The once-awkward, frizzy-haired suburban teen blossomed into a rising ingénue who quickly made a name on stage at Vassar College and the Yale School of Drama, where she pursued prestigious theater degrees. She came of age during the women's movement of the Sixties and Seventies, and has worn her activism on her sleeve even when it was unfashionable. When she reached 40, the age when many leading ladies in Hollywood fully transition to those "supportive" roles, Streep plunged forward, taking her pick of parts that interested her and winning a pile of awards along the way. She's broken records with 21 Oscar nominations, winning Best Actress twice for Sophie's Choice and The Iron Lady and Best Supporting Actress for Kramer vs. Kramer. Meanwhile, she remained an unlikely box-office draw, her clout even managing to grow with age: The Devil Wears Prada, starring Streep as a brilliant and sadistic magazine editrix, scored $125 million worldwide. Her next film, Mary Poppins Returns, with Emily Blunt and Lin Manuel Miranda, is poised for bigger success.

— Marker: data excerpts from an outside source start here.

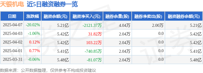 证券之星消息,截至2025年4月7日收盘,天银机电(300342)报收于13.46元,下跌20.02%,换手率6.72%,成交量28.08万手,成交额4.03亿元。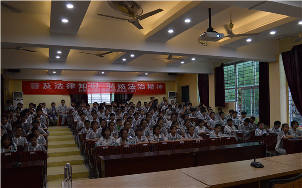 通俗易懂的言语、图文并茂的画面,生动形象地使在场师生对“校园暴力”有了全面的认识,赢得了同学们的阵阵掌声。期间,工作人员组织在场师生一同观看法制图片展览并进行横幅签名活动。
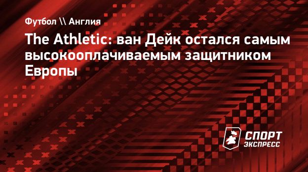The Athletic: ван Дейк остался самым высокооплачиваемым защитником Европы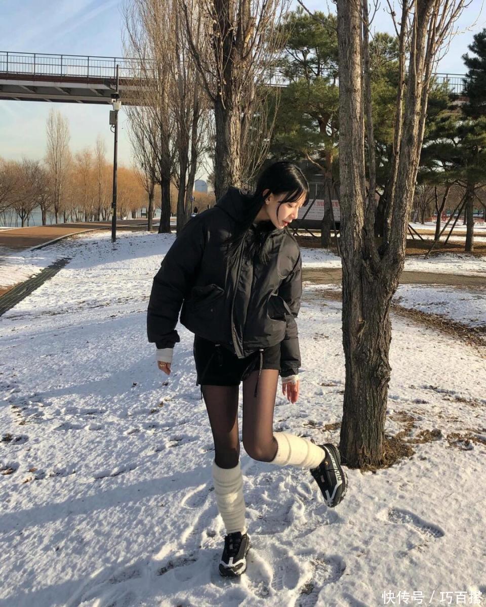 喜欢穿加绒黑丝或者瑜伽裤的姐妹,都可以照搬照抄,无论连脚还是脚蹬,都能用它掩盖单品的尴尬衔接部位,高级感直接拉满,贼有性价比和辨识度,这里需要提醒大家一下的是,堆堆袜筒和长裤配色一定要鲜明,切记不能选择同色系和相近色系,博主身上这类非黑即白的组合模式就很nice。
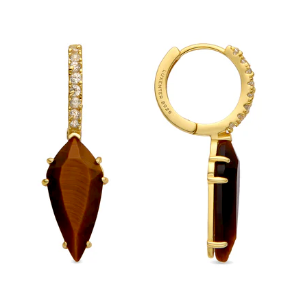 Pocos diseños concentran en una sola pieza lo clásico y lo moderno como estos pendientes con ojo de tigre, realizados en plata de ley 925 y acabado en oro de 18K. En Luxenter, 79,90 €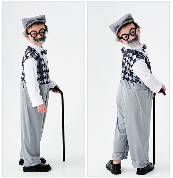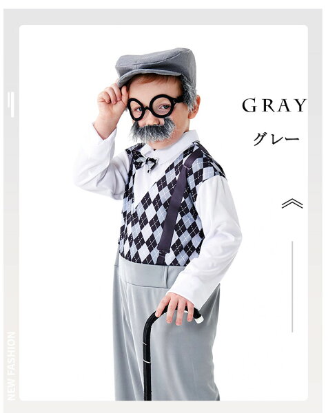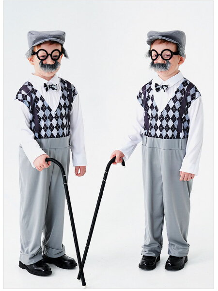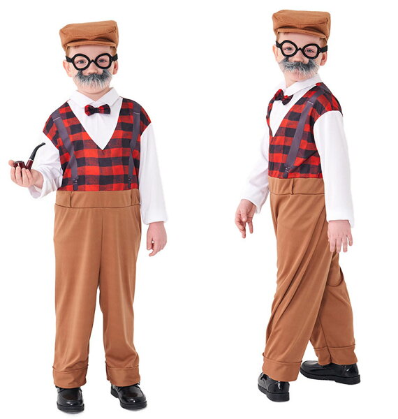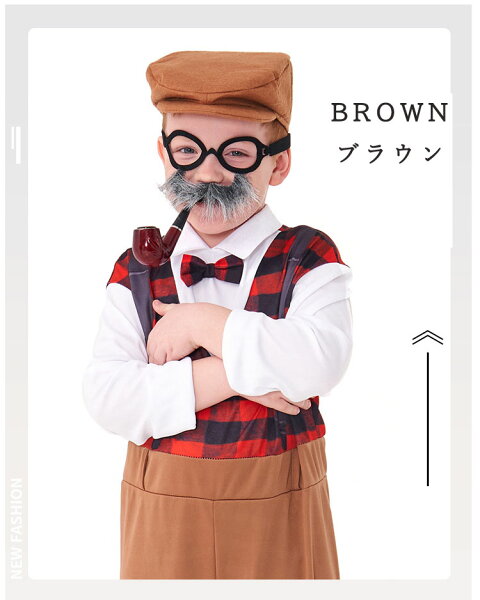 ハロウィン 仮装 子供 おもしろ コスチューム 衣装 おじいさん コスプレ オールインワン メガネ 髭 帽子 セット ポリエステル 仮装 衣装 ハロウィンコスプレ 面白い パーティー コスプレ衣装 ステージ 舞台 小学生 学園祭 演劇 Halloween cosplay XS L 2色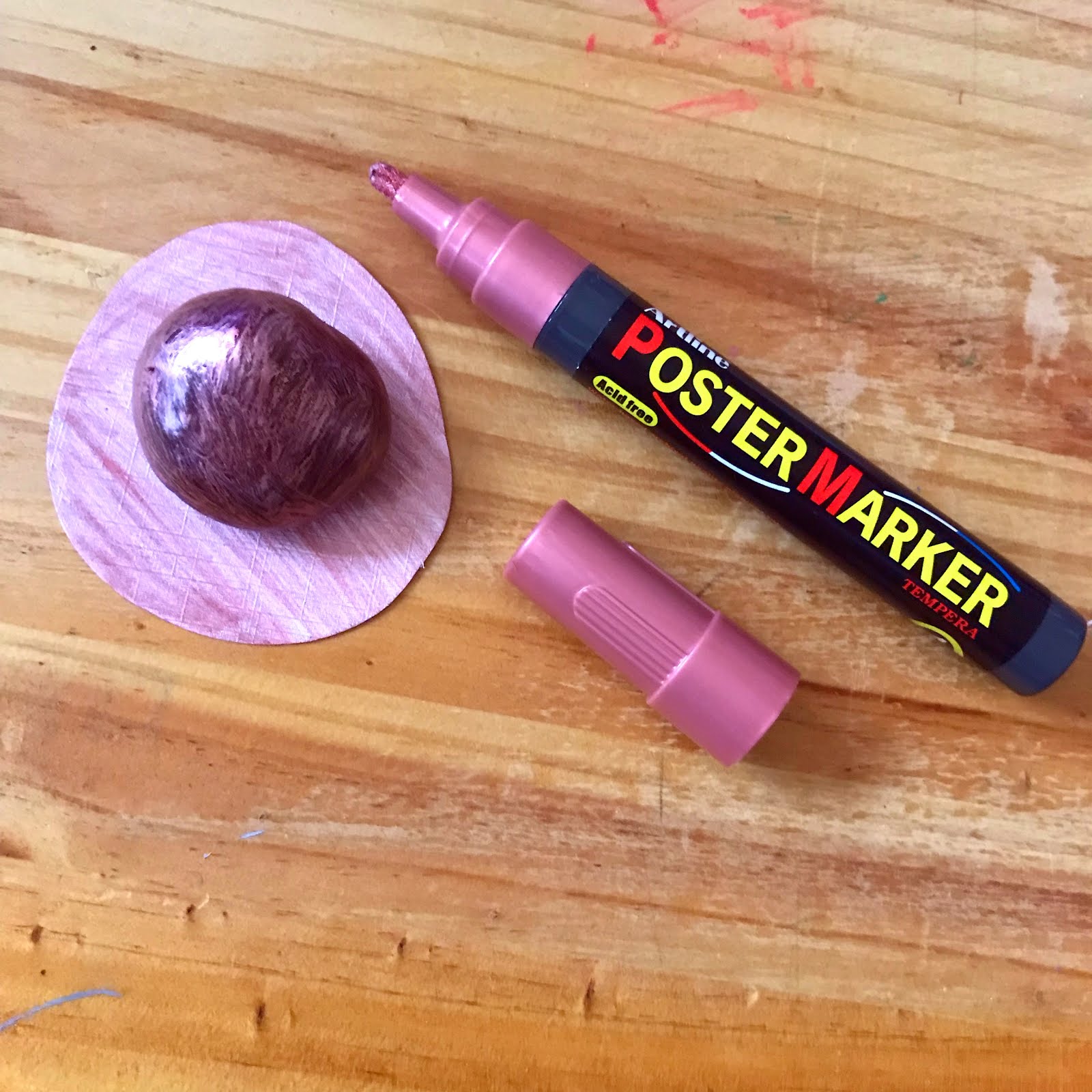 We drew faces on the ghosts with the Artline 70 pen and paint marker and then moved on to the pumpkin.

Queen Meryl will pay tribute to the fearless icon, documenting all of her accents, Oscars, highs, lows, friendships, and feuds. It will also explore her "off-brand" forays into action-adventure (The River Wild) and musicals (Mamma Mia!), and how she managed to do a lot with a little, and sneak her feminism into each character. In the spirit of Notorious RBG and The Tao of Bill Murray, two bestsellers as nontraditional as Ruth Bader Ginsburg and Bill Murray, Queen Merylwill transmit joy in homage to its allegedly serious subject.